Aviatrix CEO Doug Merritt and Enterprise Strategy Group Principal Analyst John Grady will join forces on July 31 to discuss how CNSF enables enterprises to close their most dangerous security blind spots. Save your seat at https://pages.aviatrix.com/webinar-cloud-native-security-fabric.html. Security veteran Tom Pageler will also join Aviatrix for a webinar on August 5 to discuss key findings of the report. Register at https://pages.aviatrix.com/webinar-industry-survey-cloud-network-security.html.

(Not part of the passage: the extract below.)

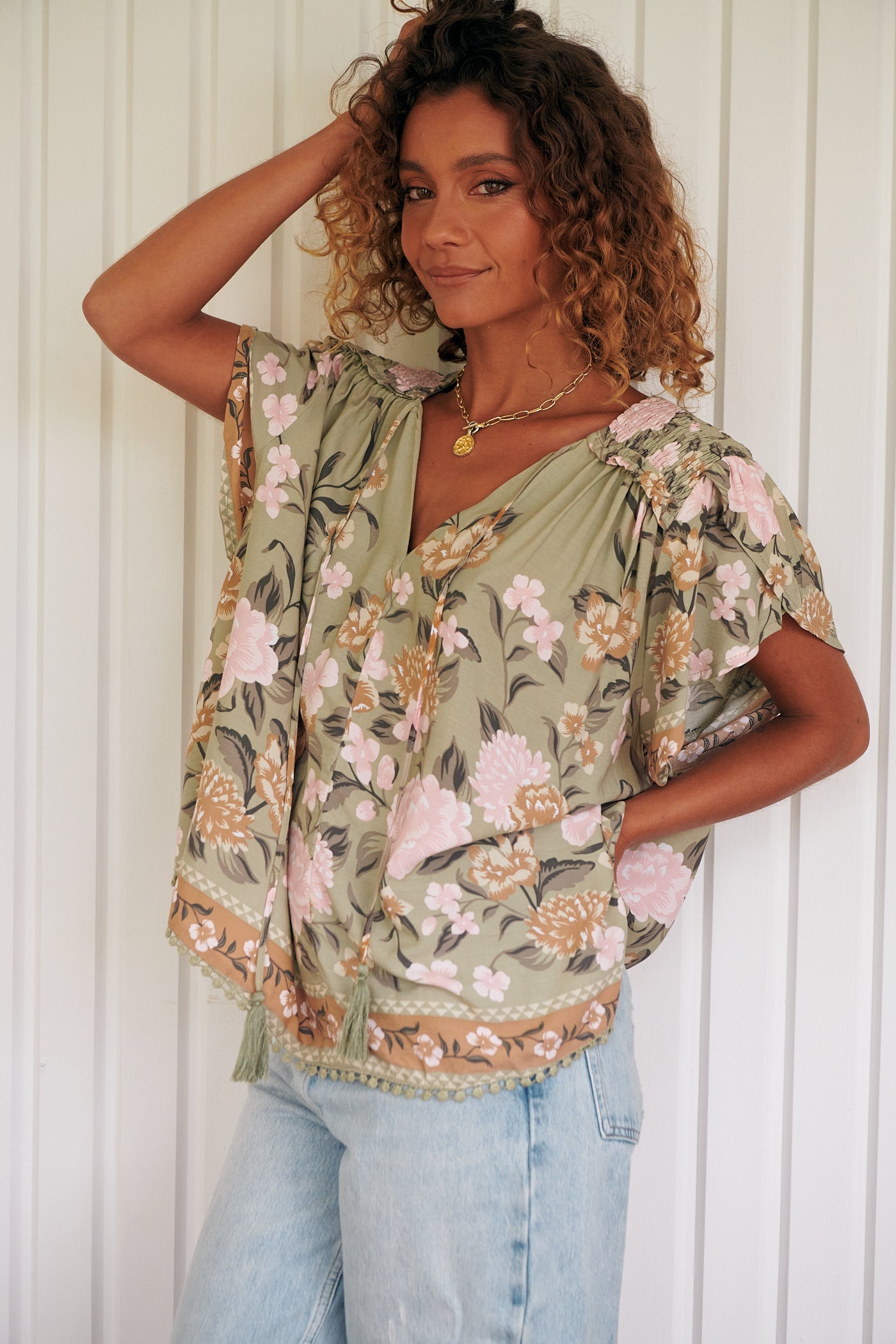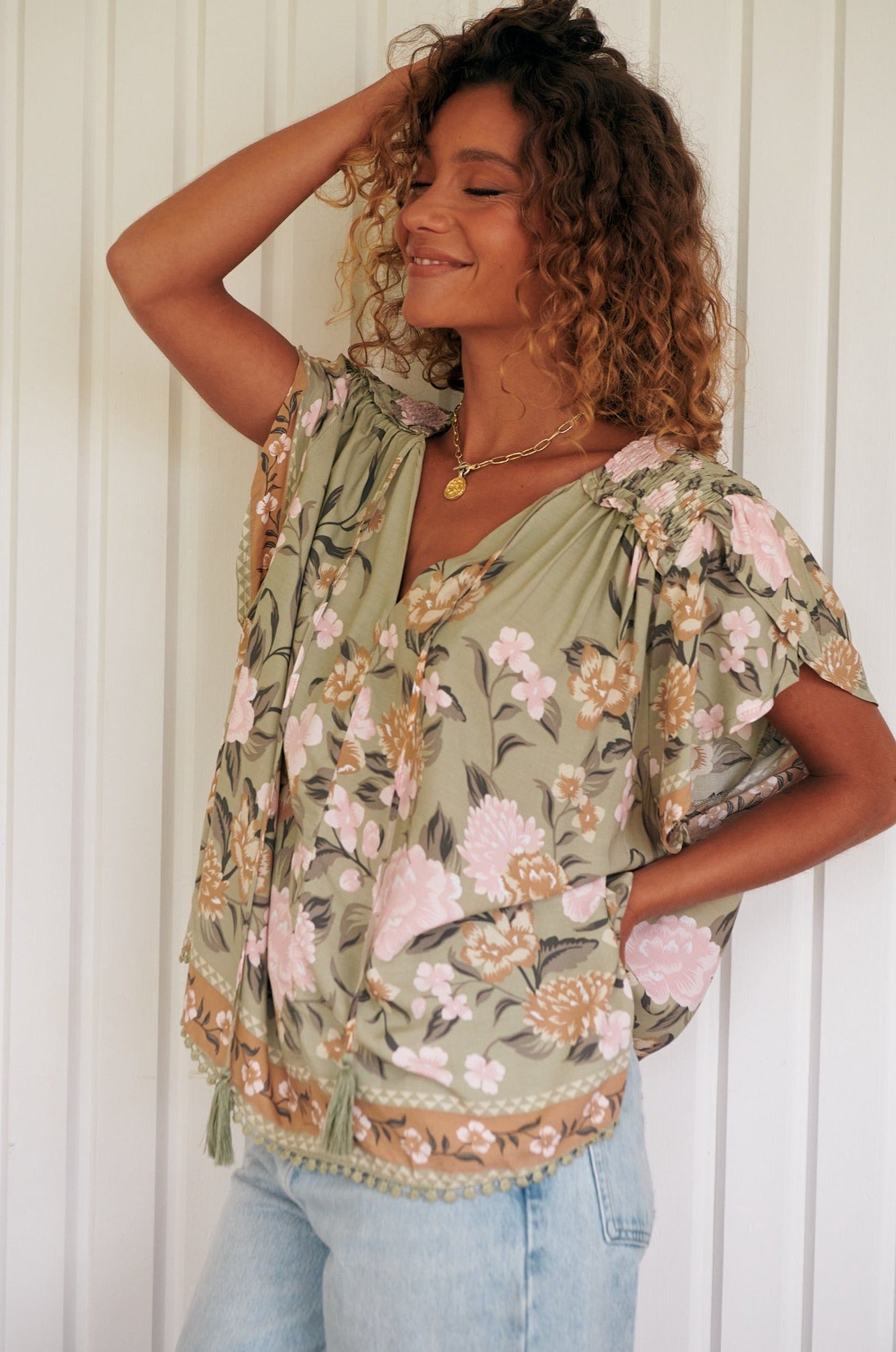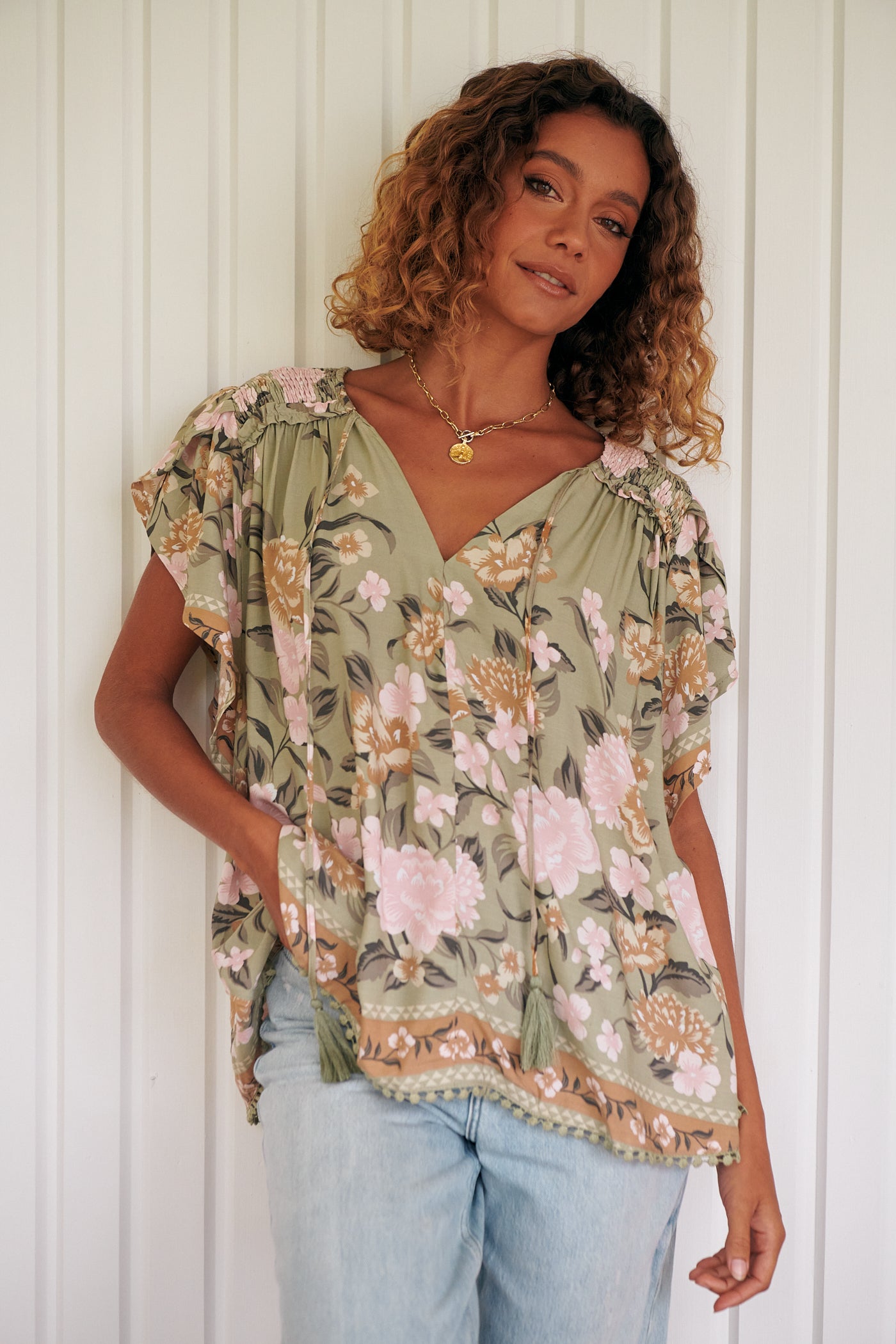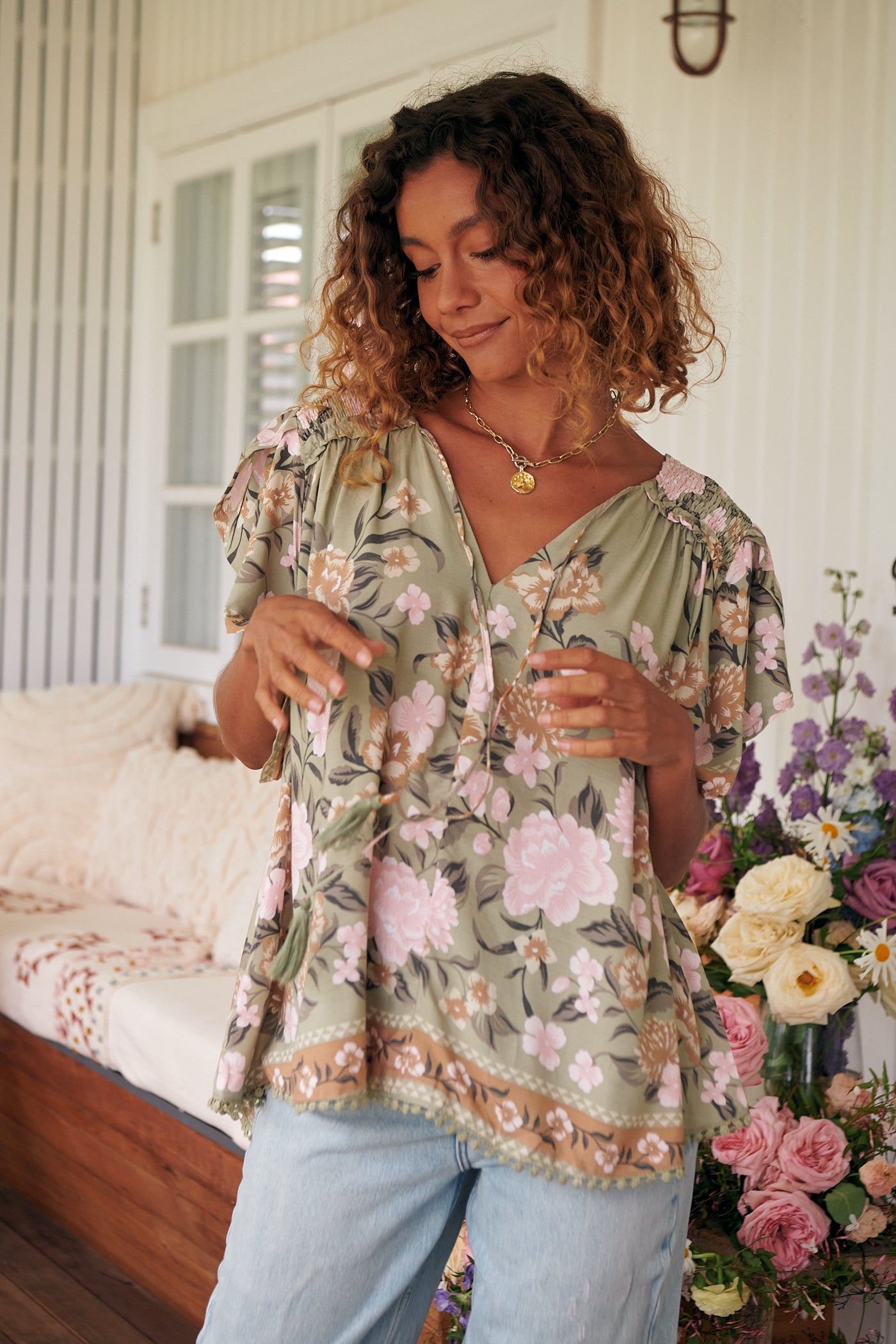 The lovely Delilah Blouse has a beautiful khaki and pink floral pattern and is so unique and pretty.

For a complete copy of "The State of Cloud Network Security: 2025," visit https://pages.aviatrix.com/report-industry-survey-2025.html. Learn more about Aviatrix Cloud Native Security Fabric at aviatrix.com.
About Aviatrix
Aviatrix® is the cloud network security company trusted by more than 500 of the world’s leading enterprises. As cloud infrastructures become more complex and costly, the Aviatrix Cloud Network Security platform gives companies back the power, control, security, and simplicity they need to modernize their cloud strategies. Aviatrix is the only secure networking solution built specifically for the cloud, that ensures companies are ready for AI and what’s next. Combined with the Aviatrix Certified Engineer (ACE) Program, the industry’s leading secure multicloud networking certification, Aviatrix unites cloud, networking, and security teams and unlocks greater potential across any cloud.